Raymond Angelo is the Exoticoption.

Friday, February 17, 2006

Three cheers for killer abs

Today's crack as usual. This week was crazy for some reason or another. Must be the weather. It's all a conspiracy. Break free from the bondage and rescue a rabbit.

We had a chemistry test in the morning on Electrolysis. It was simple, at a glance. Too bad i didn't read the questions properly. The devil's in the details, as they say. Turns out that NAME THE PRODUCT does not equate to FORMULA OF THE PRODUCT. Wah. Cheesepie. To top it off, somehow, my chem teacher left my paper in class. Wah...pure WTF-moment. I was like "WHAT THE FUCK?!?" and the rest were like "WHAT THE FUCK?!?" and the world froze, in all the WTF-ness. In the end of the day, I got Rain to submit for me lah, so it's all cool.

SS test was easy. One thing i've got to say though, it's not the length of your answer that matters. You can be writing two-pages worth of crap and beating around the bush for all you know.

I had nothing to do after school, because my Chinese friends had their Chinese remedial, while the malays had to go to the mosque. So, I followed Bio Tan, Ringo, Ryan, Glenn, Raynard and Yan Shan to collect their prize for their biology project. Ivan and Andrian just tagged along for the kicks of it. Well, no. They wanted to skip Chinese.

Anyway, took 970 to Ngee Ann Poly. Before the prize presentation, there was the finals, and a whole lot of talking. I fell asleep siah, in the beginning. There were 6 finalists, Anderson, Punggol, Saint Theresan, Hwa Chong, Ngee Ann and RGS. Some of the presentations were serious crap man. They were basically supposed to come up with a product and a business plan for it. Two groups were guilty of pulling statistics out of their asses. They were like, "Based on absolutely nothing at all, on the first month, we're gonna earn *insert random 6-figure digit here* and by the end of the first year, we will earn *insert random 7-figure digit here*. One of the schools were sellign soaps and had a proposal to sell soaps in the shape of the Merlion, to become a symbol of Singapore. LOL. Just imagine, people from all over the world using our Merlion to clean their armpits. RGS, Saint Theresan and Hwa Chong were really good.

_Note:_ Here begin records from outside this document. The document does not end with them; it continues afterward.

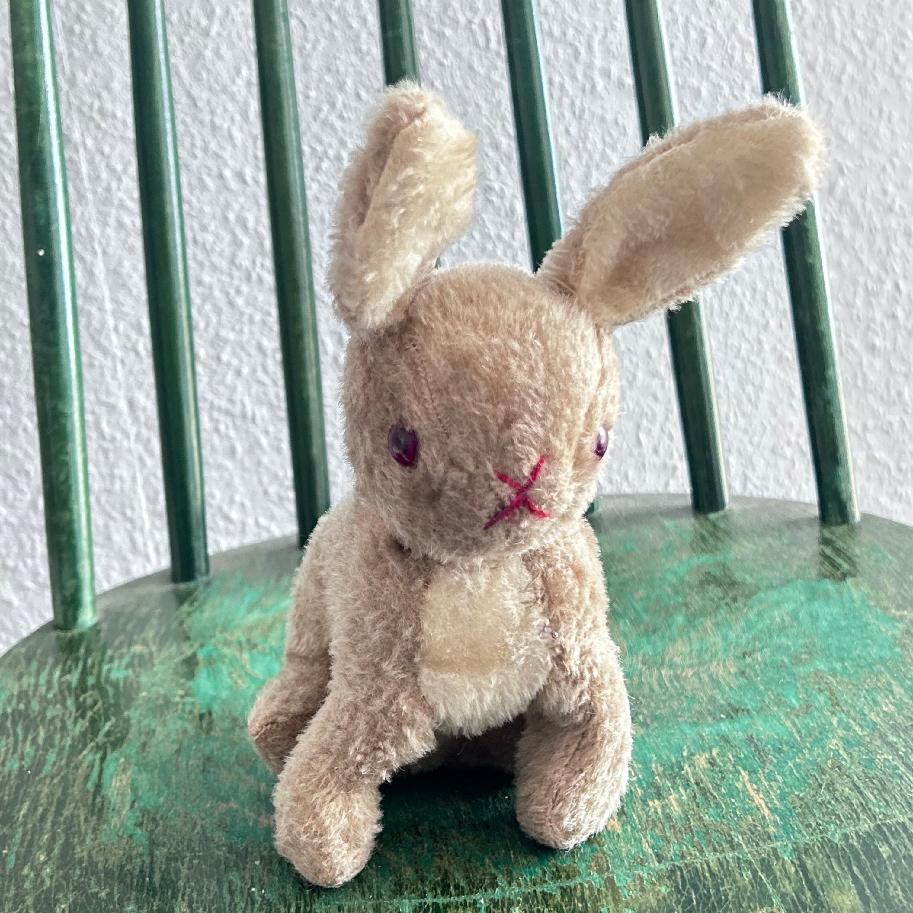 大きな耳とバッテンの赤い口がかわいいうさぎのぬいぐるみです。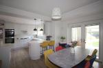 The open-plan kitchen is a modern delight with plenty of natural light. It features a stylish kitchen island, integrated modern appliances, and built-in pantries. The generous dining space is ideal for hosting family meals or dinner parties with friends.
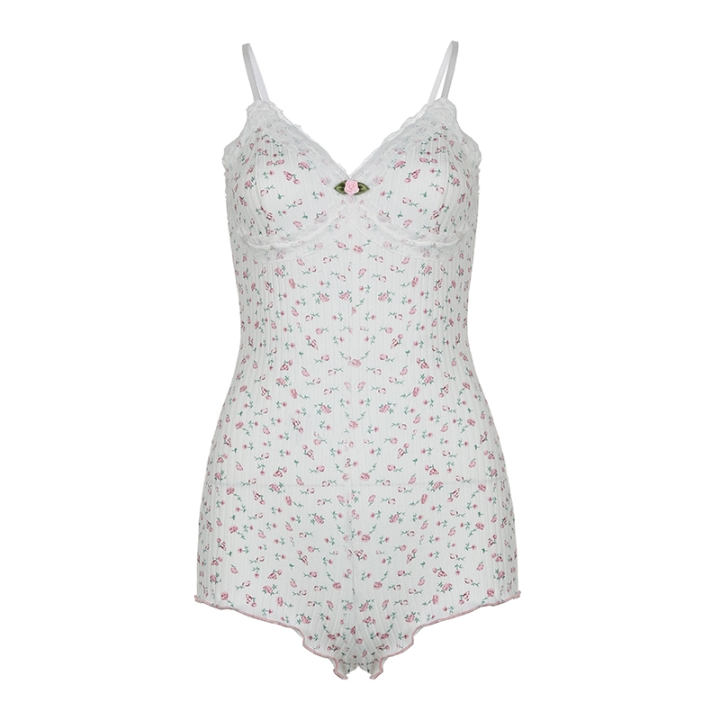 Girly floral lace patchwork bust-shaped V-neck shorts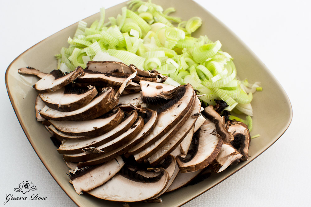 Saute sliced leeks and mushrooms (I used one big portobello here) in a little butter and olive oil.

Hwa Chong won, ultimately. Their presenters had style and flare. They were selling this product to make fishes more immune to certain water-borne viruses. To prove that their product was very effective; they conducted this experiment.

Bowl #1: Control
Prescence of Viruses: None
Prescence of Fish Longevity Inducing Product: None
Death Rate of the Fishes: 10%

Bowl #2:
Prescence of Viruses: Yes
Prescence of Fish Longevity Inducing Product: None
Death Rate of the Fishes: 90% (!)

Bowl #3:
Presence of Viruses: Yes.
Presence of Local Fish Longevity Inducing Product: Yes
Death Rate of fishes: 75%(!)

Bowl #4
Presence of Viruses: Yes
Presence of International Fish Longevity Inducing Product: Yes
Death Rate of fishes: 60%

Bowl #5
Presence of Viruses: Yes
Presence of their Product: Yes
Death Rate of fishes: 15%(WOW!)

To sum it up, they killed 250% fishes. LOL! They said something along this lines lah..."To prove the effectiveness of our product, we actually conducted an experiment to compare it with both local and international products. By murdering (assuming that there is 50 fishes in each bowl) 125 fishes (!) we have proven that our product by far surpasses the rest. Killing fishes is fine, so logn as we win."

LOL.

Went to Mcs after that. Crapped around lah. Ivan, i swear if you keep up that attitude, you'll end up marrying someone black.

I've got Flag Day tomorrow. I should be around Red Hill to Tiong area, so look out for me, and make sure you've got coins in hand. I'll be the handsome filipino guy in a red shirt with a tin, and killer abs.